There were always going to be tensions between the Westminster myth and EU structures. Brexit resolved that, but for the citizens outside Parliament that meant a loss of rights unparalleled in our history. Far from being guaranteed in common law, our rights only exist to the extent that they are tolerated by a majority in Parliament (which is one reason why leaving the European Convention on Human Rights is the logical next step for the Brexit project).
Our system of government depended on informal agreements, conventions, and ‘gentlemen’s agreements’. Brexit has exposed just how chimerical these things are in the face of determined ideological assault.
Taking back control
The revelations of the Covid Inquiry have led to questions about how the chaos could be compatible with democracy. It isn’t. But it is completely compatible with a British constitution that provides unfettered power to an executive commanding a majority in Parliament. There are no checks; even the courts are only provisional, as there is no statute that cannot be changed. Devolution can be abolished by an Act of Parliament, enacted in Westminster by English votes.
There are no guarantees. This is exactly what ‘taking back control’ always meant. In Tom Nairn’s writings we find the explanation that this is what the Westminster constitution really is. And why we, the nations on the UK’s periphery, will never have anything resembling a functioning democracy while we remain within it.
Nairn understood, too, why Labour has been incapable of responding to this crisis. He argued that Labour, while espousing a parliamentary route to socialism in its early years, has acted as a body which appropriated working class opinion to the Union.
In his recent BBC television series on the Union, David Olusoga pointed out how the high point of the Union came after the Second World War. The combined experience of war, the creation of the Welfare State, and the determination to share prosperity led to a profound sense of unity. But those days are long gone, as is Labour’s willingness to stand up for the welfare state and against austerity.
Tom Nairn matters
Today we have a Labour leader in Keir Starmer who stands in front of giant Union flags repeating the mantras of the Vichy right about flag, work, and family. The Brown Report of the Commission on the UK’s Future tells us that our role is to mind our manners and accept crumbs from the Westminster table. Labour looks simply irrelevant to the constitutional ambitions of Wales and Scotland.

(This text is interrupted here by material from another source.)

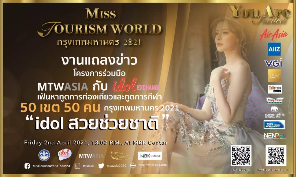 กรุงเทพมหานคร โดย สำนักวัฒนธรรมกีฬา และการท่องเที่ยว, MTWASIA และ Idol Exchange จับมือสร้างความแปลกใหม่บนโลกออนไลน์ ด้วยตำแหน่งทูตการท่องเที่ยว ที่จะทำหน้าที่ช่วยเหลือภาครัฐและเอกชน เข้าถึงกลุ่มชุมชนอย่างยั่งยืน ด้วยคอนเซ็ปท์ “Idol สวยช่วยชาติ” กับโปรเจ็กต์ Miss Tourism World Bangkok 2021 เฟ้นหาสาวไทยที่มีอายุ18-28ปี มาร่วมท้าทายด้วยกิจกรรมมากมายกับกูรูคนสำคัญ เพื่อผ่านเข้ารอบ ยกระดับให้เป็นผู้ทรงอิทธิพลบนโลกออนไลน์อย่างแท้จริง พร้อมรับสายสะพายอันทรงเกียรติจากผู้ว่าราชการกรุงเทพมหานคร ผู้อำนวยการสำนักวัฒนธรรมกีฬาและการท่องเที่ยว รองผู้ว่ากรุงเทพมหานคร ให้เป็นทูตการท่องเที่ยวและทูตการกีฬาประจำ50 เขต 50 คนของกรุงเทพมหานคร

And Welsh Labour, divided between its deep unionism – see Mark Drakeford’s description of the Union as our “insurance policy” – and its pretence of “clear red water” between and the Westminster party appears to be in a state of perpetual intellectual confusion. Its London headquarters seeks to game parliamentary selections in Carmarthen and Merthyr. And it proposes a closed-list election system for the Senedd in which selection would be subject to London veto.
Cymru is thinking more deeply, more vigorously, about its future than ever before. Nairn is important because before devolution, the post-Diana crises of the monarchy, the Scottish Independence referendum, and above all before Brexit, he explained why the British constitution is not fit for purpose. That meaningful democracy, in which individual rights are protected, requires something different.
Understanding the legacy and insights of Tom Nairn is as good a starting point as any as we start to answer the question of what comes after a United Kingdom.